If they are not compatible, a ValueError
is raised.
a = np.arange(3)
b = np.arange(2)
a + b
---------------------------------------------------------------------------
ValueError Traceback (most recent call last)
<ipython-input-68-d99fc880d022> in <module>
1 a = np.arange(3)
2 b = np.arange(2)
----> 3 a + b
ValueError: operands could not be broadcast together with shapes (3,) (2,)
Most unary operators (operators which have only one argument) are implemented as a method of the ndarray class.

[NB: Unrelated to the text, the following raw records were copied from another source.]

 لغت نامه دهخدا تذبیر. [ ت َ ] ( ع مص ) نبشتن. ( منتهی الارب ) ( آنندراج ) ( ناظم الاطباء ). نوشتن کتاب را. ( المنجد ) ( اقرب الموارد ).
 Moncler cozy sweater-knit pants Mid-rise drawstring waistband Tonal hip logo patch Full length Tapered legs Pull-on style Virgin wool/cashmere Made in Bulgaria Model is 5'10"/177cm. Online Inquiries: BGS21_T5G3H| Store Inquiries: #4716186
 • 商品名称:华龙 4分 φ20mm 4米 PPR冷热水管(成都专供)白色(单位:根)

In many cases it is possible to apply the operators along one or more specific axis via the axis
keyword.
a = np.array([[1, 2], [3, 4], [5, 6]])
print(a)
[[1 2]
[3 4]
[5 6]]
# sum of all elements
print(a.sum())
21
# sum along the first dimension
print(a.sum(axis=0))
[ 9 12]
# global minimum
print(a.min())
1
# global maximum
print(a.max())
6
# mean
print(a.mean())
3.5
# cummultative sum along the second dimension
print(a.cumsum(axis=1))
[[ 1 3]
[ 3 7]
[ 5 11]]
# dot product (actually a binary operator)
b = np.arange(2)
print(a.dot(b), np.dot(a, b))
[2 4 6] [2 4 6]
Masked arrays¶
MaskedArray is a subclass of ndarray.
It extends the ndarray class by the possibility to mask elements. These are neglected in most of the computations.

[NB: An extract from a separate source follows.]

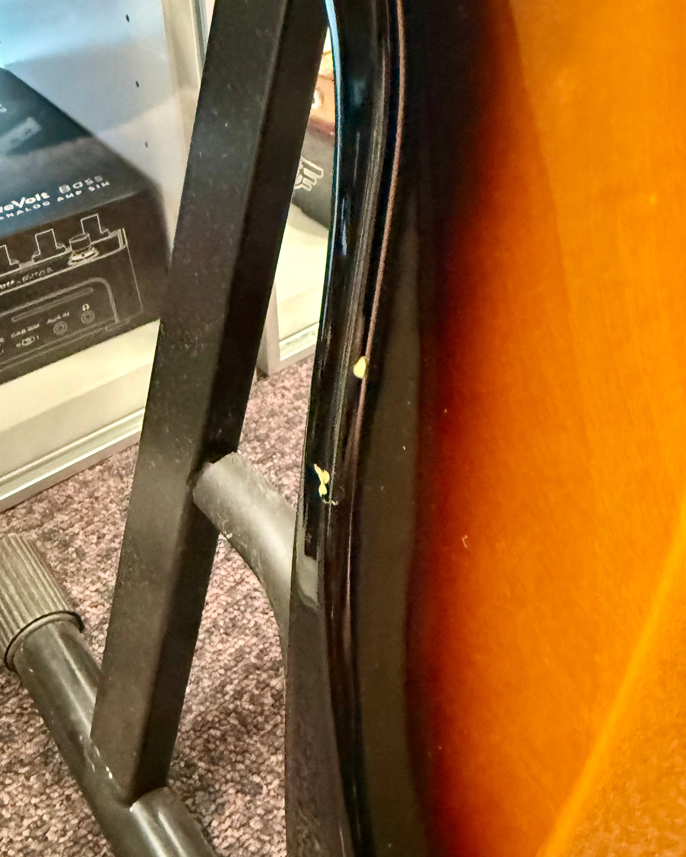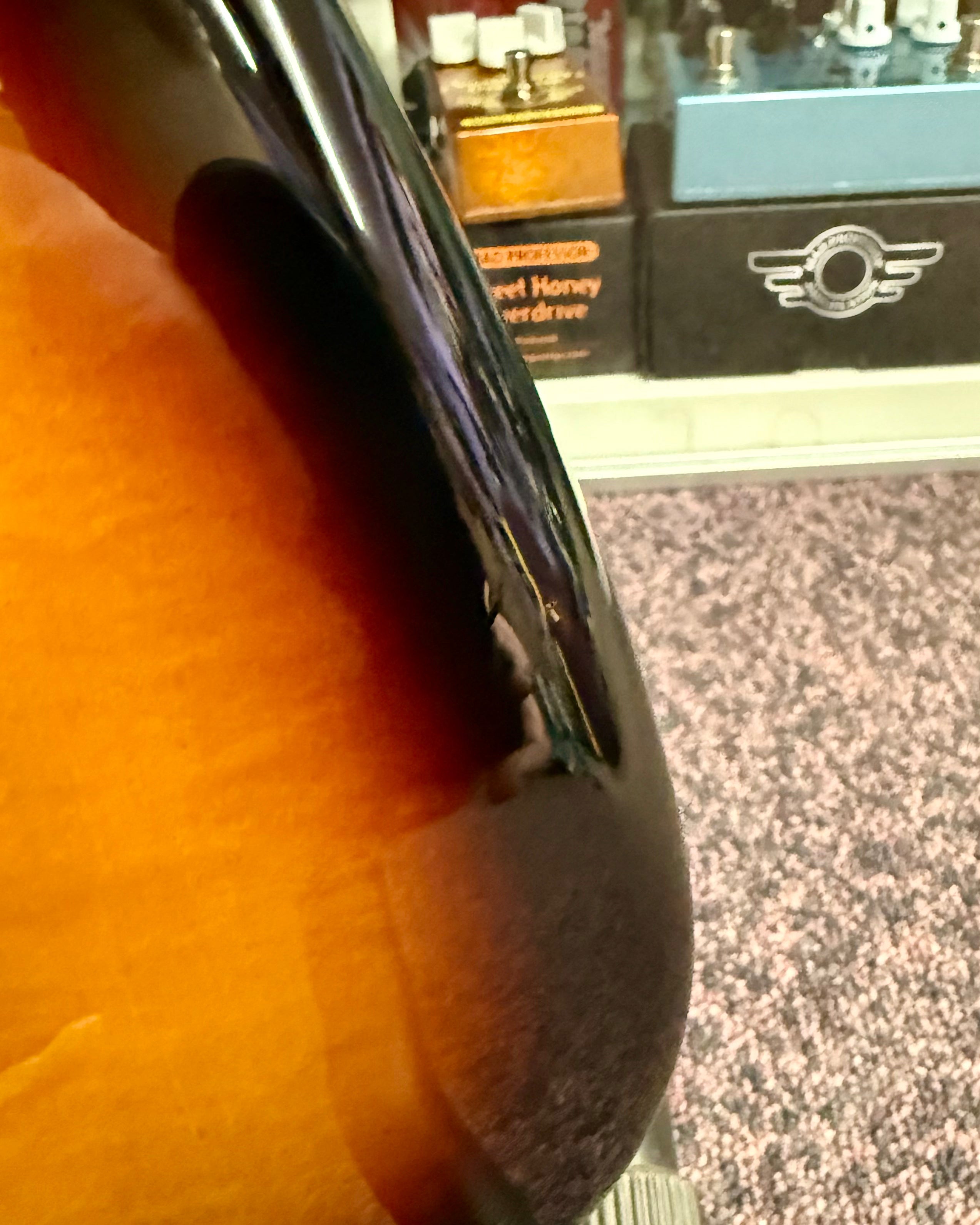 This guitar has several signs of use and a few dings but plays great. It does not come with a case.

Functions which create or deal with masked arrays are available in the numpy.ma
module.
For most of the functions that create ndarrays there exist a counterpart for MaskedArrays.
a = np.ma.ones((2, 2))
Elements can be masked by assigning the special value numpy.ma.masked
to them.
# mask a value
a[0, 1] = np.ma.masked
print(a)
print(a.sum())
[[1.0 --]
[1.0 1.0]]
3.0
The mask is available as an attribute of the MaskedArray object.
It is an array of the same shape of type boolean.
Unmasking of masked values can be done by assigning False
to elements of the mask.
a *= 2
print(a)
a.mask[0, 1] = False
print(a)
[[4.0 2.0]
[4.0 4.0]]
[[4.0 2.0]
[4.0 4.0]]
Note
By masking a value the actual element is not changed but only marked as masked. Element wise operations on a masked array only affect unmasked elements.
Numpy functions¶
Numpy offers a huge set of functions covering almost all fundamental computational demands in science. Many of these functions are grouped in modules within the numpy package. The following list contains links to the official documentation. Take some time to see what is offered. There is a solution for many problems you will have to solve in the future.
Note
The better you know the numpy library the easier it will be for you to write scientific software, e.g. for analyzing and visualizing data.
Broadcasting¶
Numpy functions or element wise operations expect arrays of the compatible shape. In many cases we have data which does not have the same shape. Consider for example a sea surface temperature field which has the shape (nlat, nlon)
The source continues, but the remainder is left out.